When load_repo_checkpoint() processes a checkpoint file, it trusts the serialized data implicitly, allowing attackers to embed arbitrary Python code within the pickle payload. This code executes with the same privileges as the application loading the checkpoint, enabling full system compromise in many scenarios.
Attack Vector
The attack vector is network-based and requires user interaction. An attacker must first create a malicious checkpoint file containing a crafted pickle payload with arbitrary code. The attacker then distributes this checkpoint through various means such as:
- Uploading to model repositories
- Sharing through collaborative platforms
- Distributing via social engineering tactics
When a victim downloads and loads this checkpoint during their normal model training or inference workflow, the malicious payload executes automatically. The attack exploits the trust relationship between machine learning practitioners and shared model resources.

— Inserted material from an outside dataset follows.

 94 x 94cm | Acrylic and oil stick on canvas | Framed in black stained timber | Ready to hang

The vulnerability is exploited through crafting a malicious pickle payload that, when deserialized by the load_repo_checkpoint() function, executes arbitrary code. The attack leverages Python's __reduce__ method to embed system commands within the serialized object. When the victim loads what appears to be a legitimate model checkpoint, the embedded code executes with the permissions of the running process. For detailed technical information, see the Huntr Bounty Report.

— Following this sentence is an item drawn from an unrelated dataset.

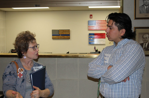 Monia Lavery, advocate for paid sick leave and family leave for nursing home staff, talking with UFE’s Victor Urquiza

Detection Methods for CVE-2024-3568
Indicators of Compromise
- Unexpected system commands or processes spawned during model checkpoint loading operations
- Network connections initiated immediately after loading model checkpoints from untrusted sources
- Suspicious modifications to system files or configurations following model loading activities
- Unusual resource consumption patterns during checkpoint deserialization
Detection Strategies
- Monitor for calls to pickle.load() or pickle.loads() with data originating from external or untrusted sources
- Implement file integrity monitoring on checkpoint directories to detect unauthorized modifications
- Deploy application-level logging for all model loading operations in Transformers-based applications
- Analyze network traffic for suspicious outbound connections following model loading events
Monitoring Recommendations
- Implement behavioral analysis to detect anomalous process spawning during ML pipeline operations
- Configure security tooling to alert on execution of shell commands from Python ML processes
- Monitor for file system changes in standard checkpoint storage locations
- Review audit logs for unexpected privilege escalation attempts in ML environments
How to Mitigate CVE-2024-3568
Immediate Actions Required
- Update the Huggingface Transformers library to the patched version immediately
- Audit all model checkpoints currently in use for potential compromise
- Restrict checkpoint loading to verified, trusted sources only
- Implement network segmentation for ML training environments
Patch Information
Huggingface has released a security patch to address this vulnerability. The fix is available in commit 693667b8ac8138b83f8adb6522ddaf42fa07c125. Organizations should update their Transformers installations to include this commit or any subsequent release containing the fix.
Workarounds
- Avoid loading model checkpoints from untrusted or unverified sources until patches are applied
- Implement checkpoint verification mechanisms using cryptographic signatures before loading
- Run ML training environments in isolated containers or sandboxed environments to limit potential impact
- Consider using safer serialization alternatives like safetensors where possible
# Update Huggingface Transformers to the latest patched version
pip install --upgrade transformers
# Verify the installation includes the security fix
pip show transformers
Disclaimer: This content was generated using AI. While we strive for accuracy, please verify critical information with official sources.